> [About this task]:
Copy out the listing that follows, exact in every word, and skip the images.

> [Given information]:
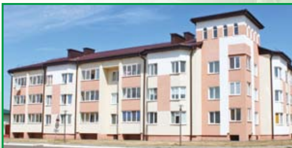
33-квартирный дом в СХК «Теплень»
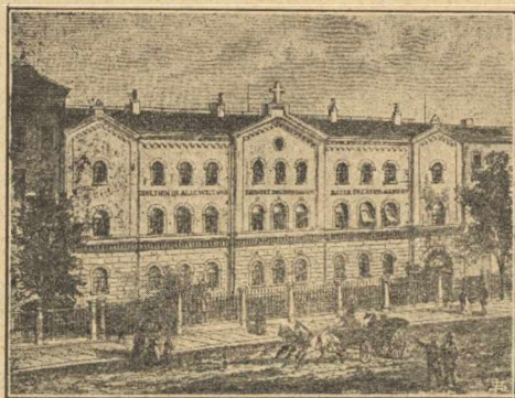
A lipcsei misszióház.

„A drezdai evangélikus lutheránus misszió az egyetemes lutheránus egyházhoz! Nyílt magyarázat és sürgős intés. Előre vagy hátra?“ című iratában. Ezen nyílt és őszinte irat örvendetes visszhangra talált; a lutheránus egyesületek minden oldalról a drezdaihoz csatlakoztak s az adományok 1843-ban 2.000, 1845-ben 14.000, 1847-ben 17.000 tallérra emelkedtek. Ezen örvendetes növekedés folytán Graul arra a meggyőződésre jutott, hogy a drezdai egyesület vezérszerepet tovább nem vihet. E mellett mindinkább felismerte annak szükségét, hogy a távozó hittérítőket minél alaposabb tudományos képesítésben kell részesíteni s e két ok indította őt arra, hogy a misszió intézetnek Drezdából Lipcsébe való áthelyezését indítványba hozza. Mindkét már 1846-ban benyújtott indítványát az 1847-iki közgyűlés, melyen a legtöbb lutheránus országos egyház képviseltette magát, a szászországi misszióbarátok áldozatkész önzetlensége folytán majdnem egyhangulag elfogadta.

> [Expected answer]:
33-квартирный дом в СХК «Теплень»
A lipcsei misszióház.

„A drezdai evangélikus lutheránus misszió az egyetemes lutheránus egyházhoz! Nyílt magyarázat és sürgős intés. Előre vagy hátra?“ című iratában. Ezen nyílt és őszinte irat örvendetes visszhangra talált; a lutheránus egyesületek minden oldalról a drezdaihoz csatlakoztak s az adományok 1843-ban 2.000, 1845-ben 14.000, 1847-ben 17.000 tallérra emelkedtek. Ezen örvendetes növekedés folytán Graul arra a meggyőződésre jutott, hogy a drezdai egyesület vezérszerepet tovább nem vihet. E mellett mindinkább felismerte annak szükségét, hogy a távozó hittérítőket minél alaposabb tudományos képesítésben kell részesíteni s e két ok indította őt arra, hogy a misszió intézetnek Drezdából Lipcsébe való áthelyezését indítványba hozza. Mindkét már 1846-ban benyújtott indítványát az 1847-iki közgyűlés, melyen a legtöbb lutheránus országos egyház képviseltette magát, a szászországi misszióbarátok áldozatkész önzetlensége folytán majdnem egyhangulag elfogadta.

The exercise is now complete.